• Work to complete: Starting with the line where "速報中 杉並ソシオvs東京 久留米fcは" appears, print every line through the end of the entries below exactly as it stands, and leave out the pictures.

-----

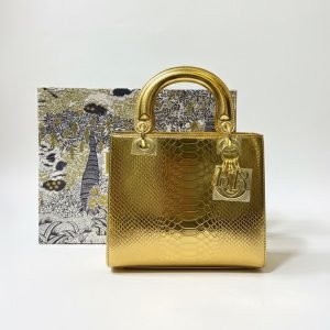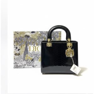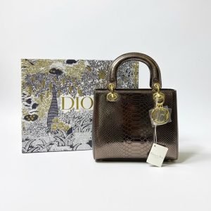 Be the first to review “Christian Dior Metallic Python Lady Dior-Embossed Handbag”
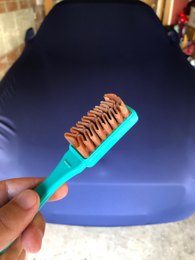 Parmi les autres bricoles réalisées, j'ai changé les centreurs de porte, qui étaient tout moches : Il fallait également remplacer la grosse durite devant le moteur, qui commençait à se fendre (et au passage qui avait déjà été réparée au chatterton). Ensuite, nettoyage moquette et brossage de l'alcantara, à l'aide d'un outil de pointe : la brosse à chaussures en daim
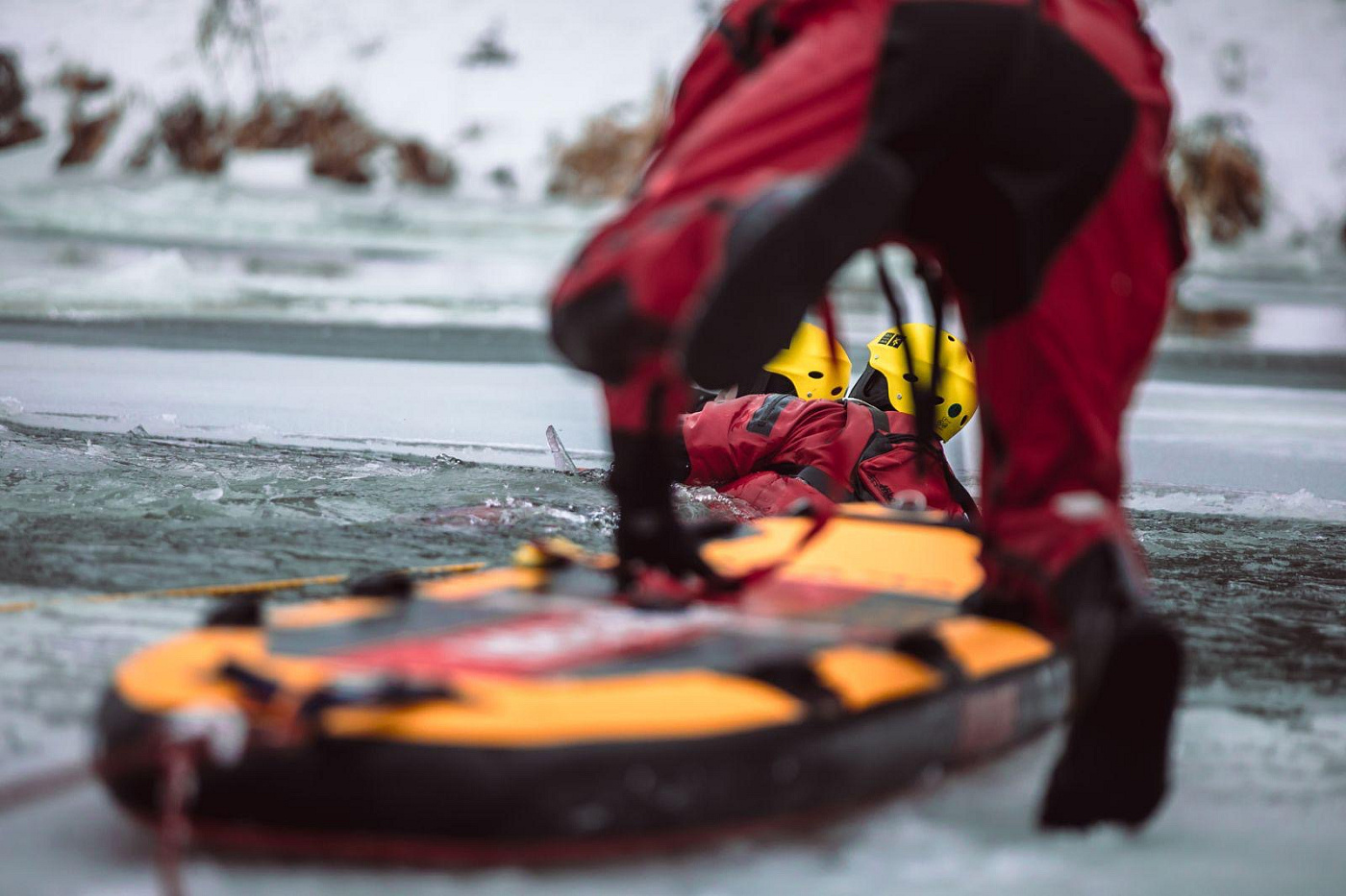 Pokud se člověk propadne do ledové vody, je zásadní zachovat klid. První minuty rozhodují. Otočit se směrem, odkud jsme přišli, pomalu se vytáhnout na led a po ploše se odplazit do bezpečí. Postavit se je velmi rizikové, položením se na led rozložíme váhu těla po ledové ploše.
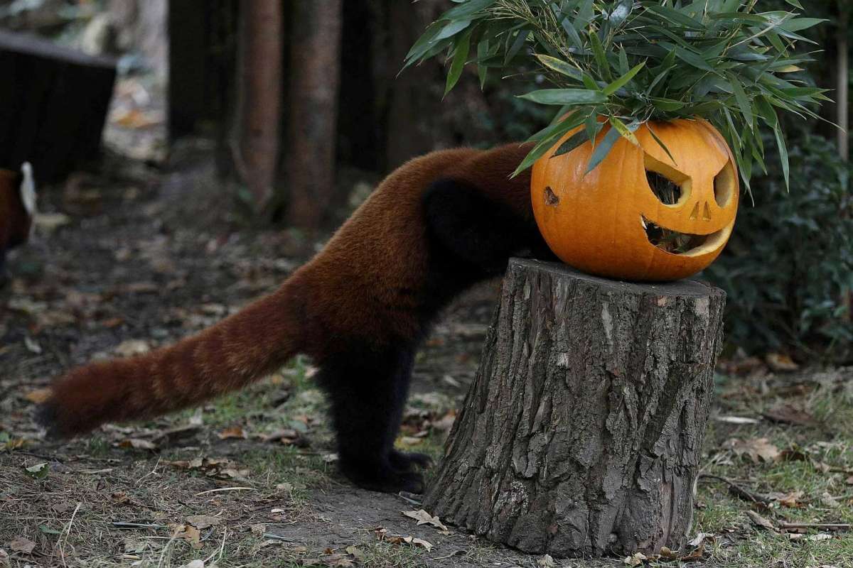 | Một con gấu trúc đỏ đang tìm thức ăn bên trong quả bí ngô Halloween tại vườn thú Chester, thành phố Chester, Anh. Ảnh: Reuters |
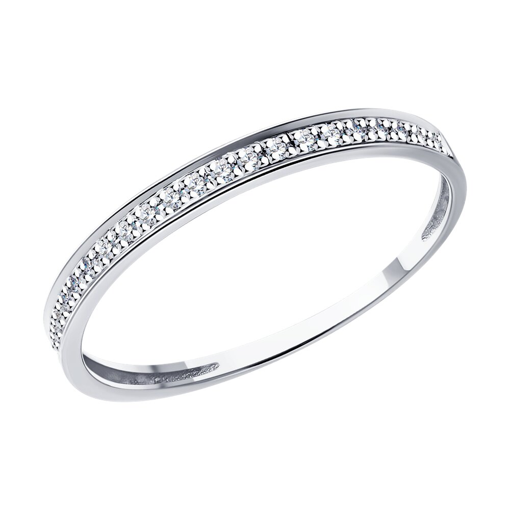 Утонченное кольцо из белого золота 585 пробы, декорированное дорожкой из 23-х природных бриллиантов, подчеркнет нежность и женственность владелицы. Лаконичный дизайн с изумительным сиянием драгоценных камней на фоне холодного оттенка золота привлекательно смотрится на руке, и отлично дополнит повседневные образы. Приобретайте кольцо по выгодным ценам в магазинах Мир Золота.
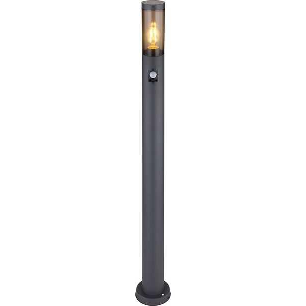 Lampe d'extérieur en acier inoxydable anthracite, plastique fumé, capteur inclus, IP44, : 127mm, H: 1100mm, sauf 1x E27 15W 230V.
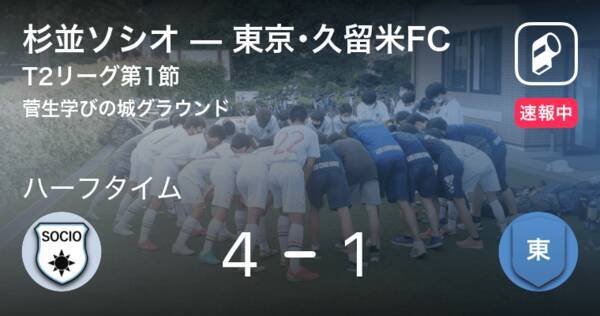 速報中 杉並ソシオvs東京 久留米fcは 杉並ソシオが3点リードで前半を折り返す 21年8月29日 エキサイトニュース
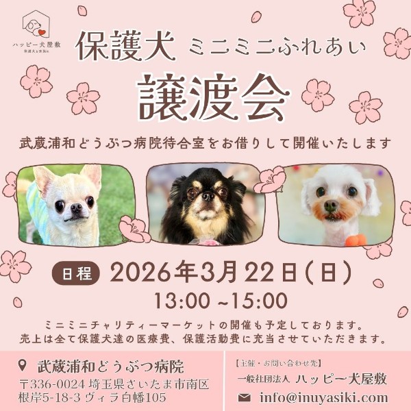 埼玉県さいたま市の武蔵浦和どうぶつ病院様にて、ふれあい譲渡会を開催させていただくことになりました。

-----

• Problem solution:
 速報中 杉並ソシオvs東京 久留米fcは 杉並ソシオが3点リードで前半を折り返す 21年8月29日 エキサイトニュース
 埼玉県さいたま市の武蔵浦和どうぶつ病院様にて、ふれあい譲渡会を開催させていただくことになりました。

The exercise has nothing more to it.